Government reviews role of apologies in civil litigation


Bellamy: Should it be easier to make an apology?

The government today launches a consultation on whether it should be easier to apologise in civil proceedings without admitting liability.

The Ministry of Justice (MoJ) said the Compensation Act 2006, which first legislated for this, has had little impact and it is seeking evidence on why and whether fresh legislation is required.

The consultation paper cites the Apologies (Scotland) Act 2016 as a possible model, although its impact is also thought to be quite low.

Justice minister Lord Bellamy said: “While there is little empirical evidence to suggest how effective the current legislation is, the general view is that it has had very little impact as parties are understandably very averse to offering apologies for fear of liability being admitted.

“This consultation, therefore, looks at the role of apologies generally within the sphere of civil justice and asks whether the Compensation Act is suitable or whether it should be replaced with new legislation, and if so, what the new regime should be.”

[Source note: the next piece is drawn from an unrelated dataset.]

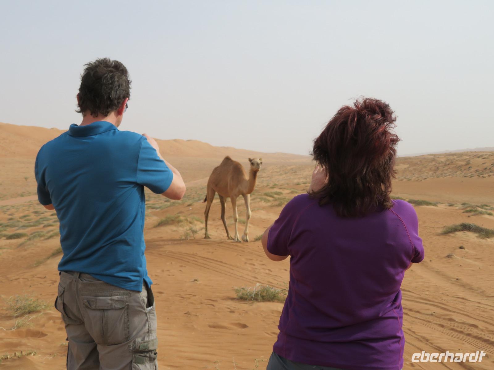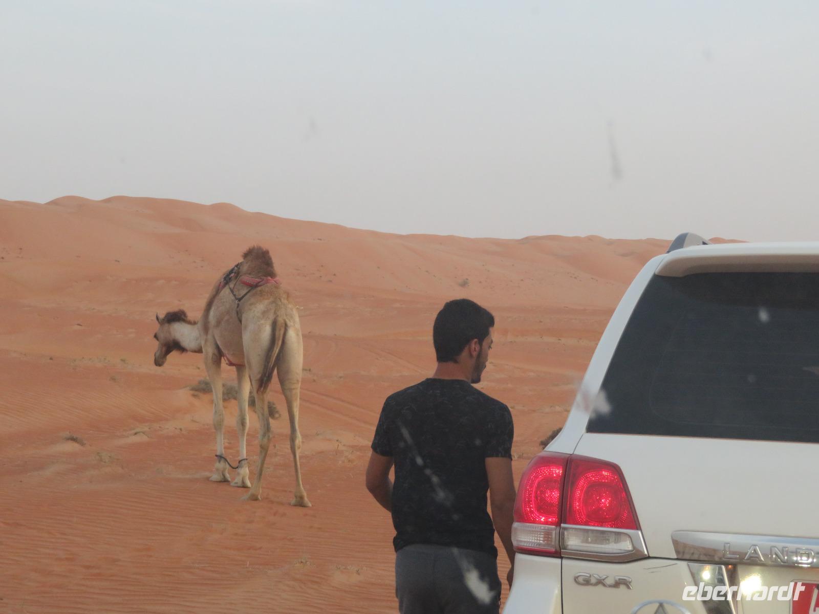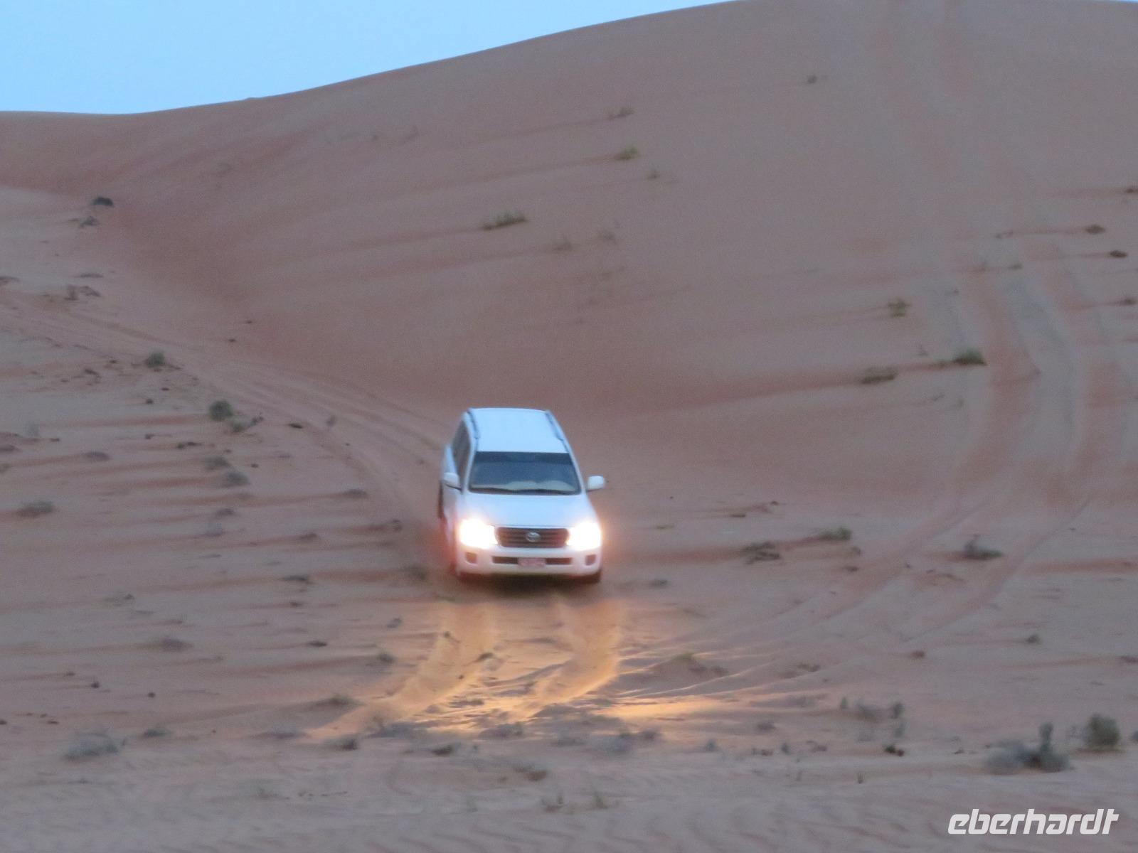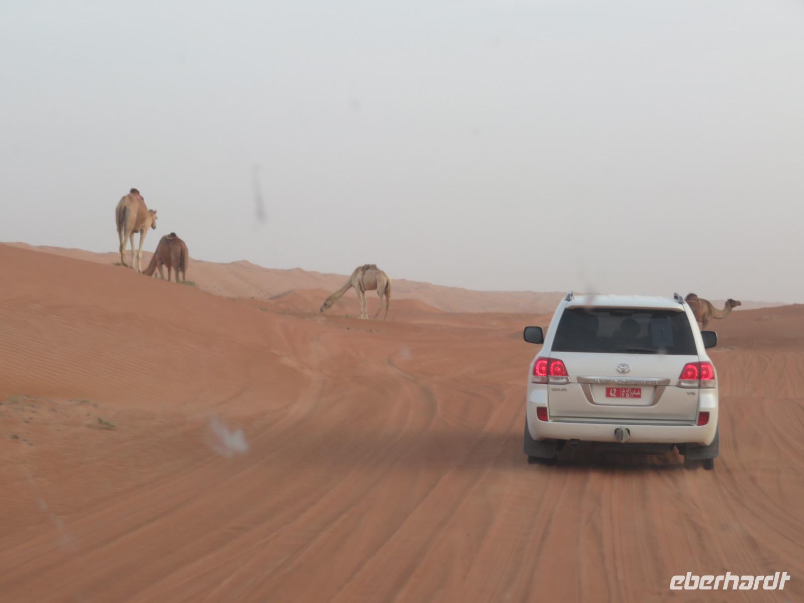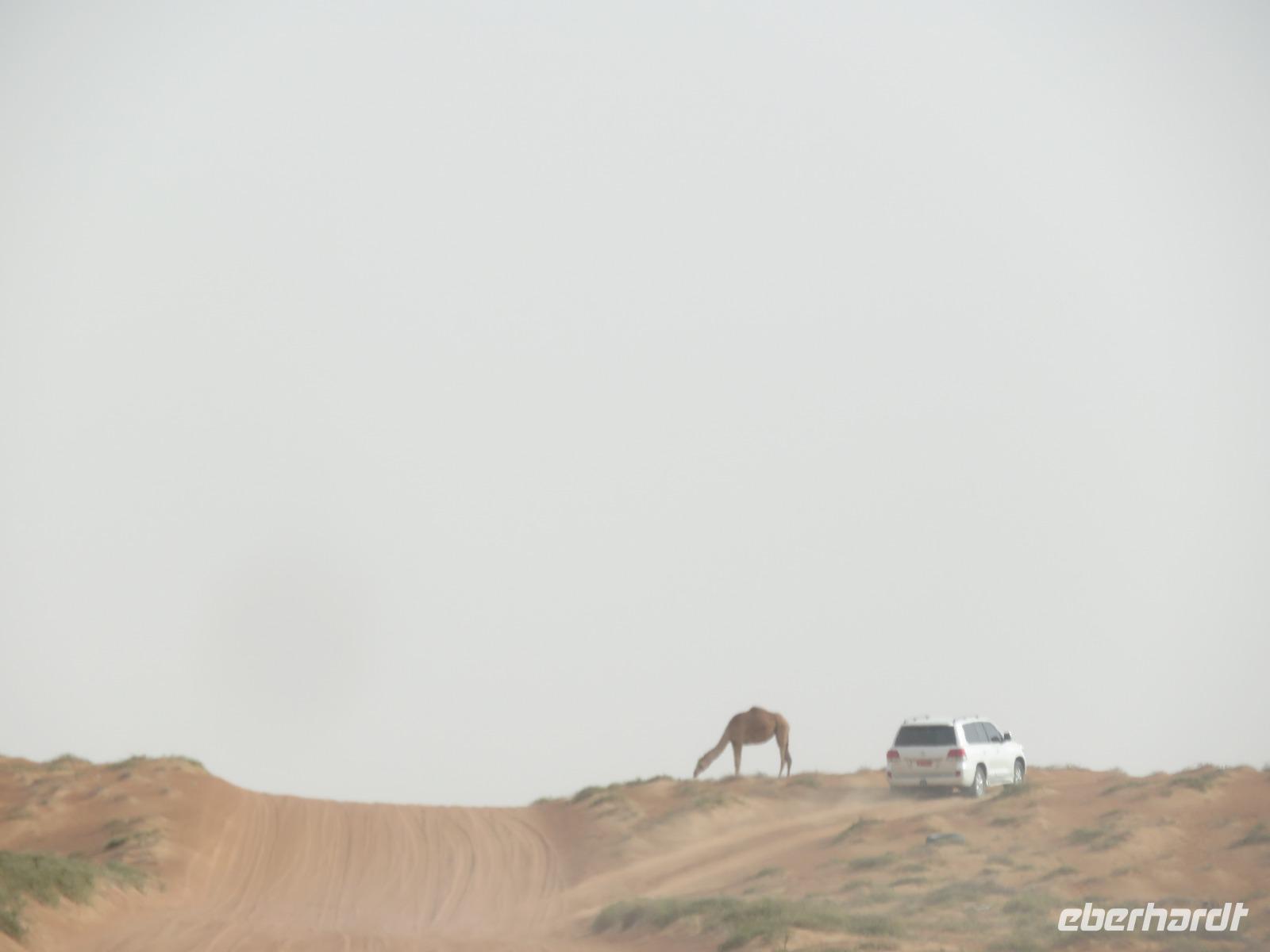 Und da sind Sie die ersten Wüstenschiffe - wie Kamele auch genannt werden. Geduldig lassen Sie das nun folgende Fotoshooting über sich ergehen. Nach kurzer Weiterfahrt erreichen wir unser Sama Al Wasil Camp. Mit Tee, omanischem Kaffee und natürlich Datteln werden wir herzlich begrüßt und beziehen einfach ausgestatteten Steinhäuschen. Nach einer kleinen Pause, geht es mit unseren Jeeps in die roten Sanddünen. Wir wundern uns das wir dafür andere Fahrer bekommen. Aber nein statt Dishdasha & Kummah tragen Amarr, Machmoud und Omar jetzt Jeans & TShirt. Wie bei einer kleinen Wüstenralley starten wir durch die Sanddünen, plötzlich war Jeep 2 verschwunden... steckengeblieben. Kein Problem er wurde durch Tawfik und die Fahrer schnell wieder aus dem Sand gebuddelt. Leider versteckte sich die Wüstensonne hinter dicken Wolken und es wurde nix mit dem geplanten Sundowner. Dafür verdunkelte sich der Himmel. Nun hiess es schnell zurück zum Camp. Wir schafften es gerade so bevor Sandsturm, Blitz & Donner über unser Camp hinwegfegten und gleich die Stromversorgung kappten. Abendessen im Schein von Laternen, Taschenlampen und Handylicht. Ein tolles Erlebnis...Kurz vom Schlafengehen ertönte ein kurzes Ahhhh durch das ganze Camp. Der Strom war wieder da, Licht zum duschen (die Bäder waren stockdunkel) und auch die Klimaanlagen nahmen Ihren Betrieb wieder auf. Nachtschwärmer konnten einen herrlichen Sternenhimmel in der Stille der Wüste bewundern.

Section 2 of the Compensation Act provides that “an apology, an offer of treatment or other redress, shall not of itself amount to an admission of negligence or breach of statutory duty”. It does not define an apology.

The aim of the Scottish law was to provide legal certainty that an apology – as defined by the Act – could not be used as evidence in civil proceedings.

It also applies to a wider range of proceedings, namely all civil proceedings apart from certain specified exceptions, such as defamation and public inquiries.

The MoJ said it was “not minded” to go as far as a 2017 law in Hong Kong, which prescribes that an apology will not constitute an admission of fault or liability even if it includes such an admission, nor may it be admissible in evidence to the detriment of the apology maker.

Any statement of fact included in the apology will also, in most cases, be inadmissible in evidence against those making an apology.

The consultation said this meant that the fault still needed to be proven in court and “may well represent a duplication of work for the claimants and an increase in their costs that may not be recoverable”.

Lord Bellamy said it addressed the “fundamental question” of whether it should be easier to make an apology and the MoJ wanted to hear real-life experiences.

“There are points to be made on both sides. Some argue that protected apologies help settle cases early and so it should be easier to make one,” he said.

“On the other hand, others believe that the apology will not assist in the resolution and therefore that the desire for one need not be addressed in an apologies statute.”

The consultation also takes forward the 2019 recommendation of the Independent Inquiry into Child Sexual Abuse to consider amending the Compensation Act to make clear that section 2 extends to cases involving vicarious liability for child sexual abuse.

It further considers alternative approaches involving secondary legislation or guidance, such as extending the apology provisions in the pre-action protocol for the resolution of clinical disputes to cover more claims of tortious liability via other pre-action protocols.

The consultation follows a private members’ bill introduced by Conservative MP John Howell in 2020 that failed to complete its passage through Parliament, but received confirmation that the government would consult when time allowed.

Mr Howell said: “It should be the mark of both a mature democratic society, and, of its dispute resolution system, that an apology, whether made publicly or privately, can and should be allowed to be meaningful, and, helpful rather than simply a necessary yet tokenistic gesture.”